As you know, we would be delighted for you to accept our offer to become the Chief Operating Officer of Patterson-UTI. This letter confirms the material terms of your offer of employment with Patterson-UTI, as follows:

  (1)   Job Title. Your job title will be Chief Operating Officer.

(2) Start Date. Your start date will be determined by mutual agreement, but no later than April 15, 2007. I am pleased that you would like to start as soon as possible, and that you are targeting March 15th as a start date.

(3) Compensation. Your base salary will be $450,000 per annum. Your target annual bonus for 2007 will be $800,000, which will be determined by the Compensation Committee and paid at the same time as other senior executives.

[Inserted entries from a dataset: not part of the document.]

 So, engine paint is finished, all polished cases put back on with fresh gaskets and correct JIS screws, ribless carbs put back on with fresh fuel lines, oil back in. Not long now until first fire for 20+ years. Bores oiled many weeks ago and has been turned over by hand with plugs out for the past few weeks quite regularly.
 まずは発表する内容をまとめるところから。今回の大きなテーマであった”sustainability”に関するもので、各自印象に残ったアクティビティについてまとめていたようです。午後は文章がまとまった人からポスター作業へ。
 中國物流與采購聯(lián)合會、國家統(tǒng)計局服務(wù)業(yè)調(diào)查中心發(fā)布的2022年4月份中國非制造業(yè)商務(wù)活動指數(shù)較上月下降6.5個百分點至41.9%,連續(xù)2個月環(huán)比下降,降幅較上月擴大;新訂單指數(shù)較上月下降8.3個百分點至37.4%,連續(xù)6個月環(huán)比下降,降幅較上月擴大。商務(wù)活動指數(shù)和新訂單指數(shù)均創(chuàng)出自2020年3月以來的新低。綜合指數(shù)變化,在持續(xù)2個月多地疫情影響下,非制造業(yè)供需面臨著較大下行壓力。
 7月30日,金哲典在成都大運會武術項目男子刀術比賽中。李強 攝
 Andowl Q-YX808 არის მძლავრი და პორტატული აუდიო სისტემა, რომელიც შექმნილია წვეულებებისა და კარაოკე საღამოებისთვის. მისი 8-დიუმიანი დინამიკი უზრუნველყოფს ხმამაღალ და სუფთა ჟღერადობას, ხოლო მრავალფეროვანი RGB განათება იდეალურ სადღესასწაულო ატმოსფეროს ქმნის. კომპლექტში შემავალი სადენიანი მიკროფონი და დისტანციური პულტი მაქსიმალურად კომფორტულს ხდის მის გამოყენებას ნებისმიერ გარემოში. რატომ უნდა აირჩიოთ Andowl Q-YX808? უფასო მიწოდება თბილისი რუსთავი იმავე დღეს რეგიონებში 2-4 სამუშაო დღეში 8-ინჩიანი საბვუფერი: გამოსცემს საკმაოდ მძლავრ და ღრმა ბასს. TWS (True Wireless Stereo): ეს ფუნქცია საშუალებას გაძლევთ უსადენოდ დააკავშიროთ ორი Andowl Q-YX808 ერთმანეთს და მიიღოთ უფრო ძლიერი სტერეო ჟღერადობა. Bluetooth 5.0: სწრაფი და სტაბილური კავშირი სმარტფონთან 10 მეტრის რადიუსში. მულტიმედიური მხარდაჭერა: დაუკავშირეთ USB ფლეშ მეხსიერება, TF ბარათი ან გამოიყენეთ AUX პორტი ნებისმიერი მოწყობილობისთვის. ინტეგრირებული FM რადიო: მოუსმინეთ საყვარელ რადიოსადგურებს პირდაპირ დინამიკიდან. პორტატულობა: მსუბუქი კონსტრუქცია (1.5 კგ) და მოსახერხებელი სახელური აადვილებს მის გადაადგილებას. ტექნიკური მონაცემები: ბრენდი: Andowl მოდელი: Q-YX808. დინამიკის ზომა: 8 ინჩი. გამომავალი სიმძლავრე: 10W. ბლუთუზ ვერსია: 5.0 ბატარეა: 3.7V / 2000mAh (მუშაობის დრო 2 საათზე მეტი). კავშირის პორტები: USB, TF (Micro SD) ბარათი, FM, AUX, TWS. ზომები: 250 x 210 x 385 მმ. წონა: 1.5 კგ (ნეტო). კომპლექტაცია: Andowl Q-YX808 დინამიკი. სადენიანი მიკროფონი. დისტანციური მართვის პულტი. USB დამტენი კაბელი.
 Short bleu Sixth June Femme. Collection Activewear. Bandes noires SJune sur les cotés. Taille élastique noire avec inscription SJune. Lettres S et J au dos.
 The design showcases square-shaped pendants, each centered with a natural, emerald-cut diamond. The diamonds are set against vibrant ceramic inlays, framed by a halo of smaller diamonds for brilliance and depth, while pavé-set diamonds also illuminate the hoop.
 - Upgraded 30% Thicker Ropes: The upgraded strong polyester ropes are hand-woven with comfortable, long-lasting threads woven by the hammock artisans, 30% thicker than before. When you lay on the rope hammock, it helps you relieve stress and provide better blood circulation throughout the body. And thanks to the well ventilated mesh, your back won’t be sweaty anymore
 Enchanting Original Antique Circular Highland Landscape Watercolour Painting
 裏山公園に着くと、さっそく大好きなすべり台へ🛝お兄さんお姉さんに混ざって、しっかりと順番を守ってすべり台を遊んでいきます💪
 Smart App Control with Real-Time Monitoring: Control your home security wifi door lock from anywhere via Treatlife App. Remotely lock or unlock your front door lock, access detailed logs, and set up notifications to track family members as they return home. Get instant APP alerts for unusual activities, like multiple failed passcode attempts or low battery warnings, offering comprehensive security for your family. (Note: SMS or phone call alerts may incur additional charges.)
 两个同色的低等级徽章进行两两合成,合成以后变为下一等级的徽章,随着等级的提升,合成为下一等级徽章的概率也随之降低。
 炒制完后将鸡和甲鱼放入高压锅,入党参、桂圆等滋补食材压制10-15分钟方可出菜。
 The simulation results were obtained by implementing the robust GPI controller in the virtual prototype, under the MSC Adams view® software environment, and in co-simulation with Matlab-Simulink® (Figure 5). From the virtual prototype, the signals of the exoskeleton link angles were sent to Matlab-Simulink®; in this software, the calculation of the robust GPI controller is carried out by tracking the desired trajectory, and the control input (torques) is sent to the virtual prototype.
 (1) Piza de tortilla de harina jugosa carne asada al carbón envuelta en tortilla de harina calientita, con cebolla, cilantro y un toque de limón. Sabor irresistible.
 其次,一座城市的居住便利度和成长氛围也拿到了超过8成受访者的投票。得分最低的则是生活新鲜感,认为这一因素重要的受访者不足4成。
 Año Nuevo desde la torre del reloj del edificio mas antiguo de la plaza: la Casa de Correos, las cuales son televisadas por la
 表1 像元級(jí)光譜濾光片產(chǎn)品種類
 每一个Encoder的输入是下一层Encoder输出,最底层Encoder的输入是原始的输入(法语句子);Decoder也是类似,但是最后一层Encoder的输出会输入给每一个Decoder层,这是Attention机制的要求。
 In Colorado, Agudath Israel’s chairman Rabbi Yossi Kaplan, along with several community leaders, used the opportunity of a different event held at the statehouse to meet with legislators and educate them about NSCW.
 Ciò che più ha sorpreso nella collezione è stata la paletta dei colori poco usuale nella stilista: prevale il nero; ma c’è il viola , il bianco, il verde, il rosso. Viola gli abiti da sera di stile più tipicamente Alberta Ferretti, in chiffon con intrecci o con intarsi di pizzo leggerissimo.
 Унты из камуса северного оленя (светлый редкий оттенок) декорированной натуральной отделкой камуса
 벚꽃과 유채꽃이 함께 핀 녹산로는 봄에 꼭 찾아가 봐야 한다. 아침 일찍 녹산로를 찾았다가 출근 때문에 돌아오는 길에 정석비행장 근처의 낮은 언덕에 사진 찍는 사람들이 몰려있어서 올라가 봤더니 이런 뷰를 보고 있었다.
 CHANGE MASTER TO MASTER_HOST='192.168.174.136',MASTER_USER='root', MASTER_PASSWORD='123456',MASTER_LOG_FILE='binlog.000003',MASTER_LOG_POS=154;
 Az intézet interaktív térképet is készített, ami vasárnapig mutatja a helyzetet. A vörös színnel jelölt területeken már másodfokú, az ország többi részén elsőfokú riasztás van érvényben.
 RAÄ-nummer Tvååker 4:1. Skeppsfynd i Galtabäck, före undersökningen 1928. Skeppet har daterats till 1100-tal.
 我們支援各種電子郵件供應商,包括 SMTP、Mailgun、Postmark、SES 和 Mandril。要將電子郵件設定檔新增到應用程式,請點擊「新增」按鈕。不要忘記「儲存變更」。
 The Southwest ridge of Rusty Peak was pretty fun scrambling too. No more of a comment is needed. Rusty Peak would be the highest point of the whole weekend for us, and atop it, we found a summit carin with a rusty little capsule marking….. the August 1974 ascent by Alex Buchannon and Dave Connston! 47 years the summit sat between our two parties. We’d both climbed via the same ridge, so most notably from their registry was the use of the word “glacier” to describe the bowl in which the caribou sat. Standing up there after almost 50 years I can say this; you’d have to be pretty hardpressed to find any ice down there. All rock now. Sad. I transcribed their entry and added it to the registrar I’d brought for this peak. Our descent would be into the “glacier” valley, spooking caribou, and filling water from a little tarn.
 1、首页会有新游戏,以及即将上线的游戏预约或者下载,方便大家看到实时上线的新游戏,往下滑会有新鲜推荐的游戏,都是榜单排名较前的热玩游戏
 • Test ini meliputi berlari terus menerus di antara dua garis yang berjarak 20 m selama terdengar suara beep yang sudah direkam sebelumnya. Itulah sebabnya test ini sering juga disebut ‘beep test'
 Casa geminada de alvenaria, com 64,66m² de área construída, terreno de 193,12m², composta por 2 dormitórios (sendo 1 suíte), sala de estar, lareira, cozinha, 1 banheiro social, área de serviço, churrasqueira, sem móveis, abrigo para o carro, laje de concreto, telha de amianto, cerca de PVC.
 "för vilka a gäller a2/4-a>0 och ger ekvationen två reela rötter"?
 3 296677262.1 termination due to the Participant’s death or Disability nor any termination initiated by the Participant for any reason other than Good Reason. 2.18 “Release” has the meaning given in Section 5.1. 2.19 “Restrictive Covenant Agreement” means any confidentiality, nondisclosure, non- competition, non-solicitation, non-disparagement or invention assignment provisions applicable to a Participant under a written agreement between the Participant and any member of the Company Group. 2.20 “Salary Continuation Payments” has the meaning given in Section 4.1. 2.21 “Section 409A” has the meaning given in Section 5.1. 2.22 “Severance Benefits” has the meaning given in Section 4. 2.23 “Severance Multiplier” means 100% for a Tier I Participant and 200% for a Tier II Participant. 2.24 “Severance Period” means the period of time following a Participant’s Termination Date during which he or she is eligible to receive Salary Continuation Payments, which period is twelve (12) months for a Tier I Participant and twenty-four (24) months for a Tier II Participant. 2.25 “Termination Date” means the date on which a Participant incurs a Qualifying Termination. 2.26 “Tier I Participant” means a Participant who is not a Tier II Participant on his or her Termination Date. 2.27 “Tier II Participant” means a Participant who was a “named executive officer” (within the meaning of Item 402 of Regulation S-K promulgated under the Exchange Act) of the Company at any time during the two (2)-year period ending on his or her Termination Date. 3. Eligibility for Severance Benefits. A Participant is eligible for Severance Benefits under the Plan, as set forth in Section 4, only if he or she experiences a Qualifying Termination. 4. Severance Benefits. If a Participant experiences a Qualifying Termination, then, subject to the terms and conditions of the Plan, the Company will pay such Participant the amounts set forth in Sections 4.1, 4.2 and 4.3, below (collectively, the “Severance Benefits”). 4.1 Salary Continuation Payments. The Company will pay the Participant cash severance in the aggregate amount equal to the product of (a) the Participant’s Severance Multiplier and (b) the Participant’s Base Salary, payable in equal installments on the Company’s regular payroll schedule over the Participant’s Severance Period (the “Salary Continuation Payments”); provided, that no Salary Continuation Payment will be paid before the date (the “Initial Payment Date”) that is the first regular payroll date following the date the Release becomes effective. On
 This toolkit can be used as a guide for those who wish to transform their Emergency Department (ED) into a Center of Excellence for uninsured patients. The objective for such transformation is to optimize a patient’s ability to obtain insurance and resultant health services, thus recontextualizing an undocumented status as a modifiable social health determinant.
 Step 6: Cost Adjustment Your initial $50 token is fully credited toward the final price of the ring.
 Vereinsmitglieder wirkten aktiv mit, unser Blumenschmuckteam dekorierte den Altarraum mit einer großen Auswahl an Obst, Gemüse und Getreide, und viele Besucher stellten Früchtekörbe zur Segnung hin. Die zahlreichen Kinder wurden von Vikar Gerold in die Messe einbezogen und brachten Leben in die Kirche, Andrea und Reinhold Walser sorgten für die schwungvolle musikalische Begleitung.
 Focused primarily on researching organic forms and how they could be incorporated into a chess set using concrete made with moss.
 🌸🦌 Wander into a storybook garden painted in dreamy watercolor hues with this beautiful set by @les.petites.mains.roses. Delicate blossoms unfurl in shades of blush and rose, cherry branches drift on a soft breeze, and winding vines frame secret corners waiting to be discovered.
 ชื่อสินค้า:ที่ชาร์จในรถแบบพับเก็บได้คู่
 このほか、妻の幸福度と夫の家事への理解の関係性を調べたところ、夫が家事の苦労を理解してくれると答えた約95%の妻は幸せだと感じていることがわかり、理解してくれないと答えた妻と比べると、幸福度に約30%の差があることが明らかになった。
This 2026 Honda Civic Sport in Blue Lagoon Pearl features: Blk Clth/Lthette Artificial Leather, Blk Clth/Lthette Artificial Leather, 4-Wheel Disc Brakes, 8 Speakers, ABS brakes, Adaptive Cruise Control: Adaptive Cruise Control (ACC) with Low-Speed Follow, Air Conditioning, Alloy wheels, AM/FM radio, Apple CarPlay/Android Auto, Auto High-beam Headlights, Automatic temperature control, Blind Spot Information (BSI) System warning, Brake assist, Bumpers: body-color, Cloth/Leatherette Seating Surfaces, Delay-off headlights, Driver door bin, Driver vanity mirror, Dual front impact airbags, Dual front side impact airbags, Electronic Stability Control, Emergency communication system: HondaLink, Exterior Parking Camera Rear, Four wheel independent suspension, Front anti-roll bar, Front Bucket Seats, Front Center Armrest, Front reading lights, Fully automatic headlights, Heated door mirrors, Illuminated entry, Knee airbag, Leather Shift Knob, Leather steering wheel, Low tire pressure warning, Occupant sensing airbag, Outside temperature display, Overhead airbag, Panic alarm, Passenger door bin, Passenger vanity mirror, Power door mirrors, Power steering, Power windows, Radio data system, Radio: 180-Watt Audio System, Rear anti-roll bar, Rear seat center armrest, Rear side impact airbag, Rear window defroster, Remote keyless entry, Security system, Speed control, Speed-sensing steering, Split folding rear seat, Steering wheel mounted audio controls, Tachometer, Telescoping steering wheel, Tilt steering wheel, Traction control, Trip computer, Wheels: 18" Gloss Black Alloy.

(4) Starting Bonus. You will be paid a starting bonus of $275,000, which shall be payable promptly following the commencement of your employment.

(5) Employment Term. Your employment is at-will. You will receive a Severance Agreement, which provides, in essence, that in the event that your employment is terminated by Patterson-UTI without cause at any time during the first three years of your employment by the Company, then you will be paid the sum of $750,000 within 30 days following such termination.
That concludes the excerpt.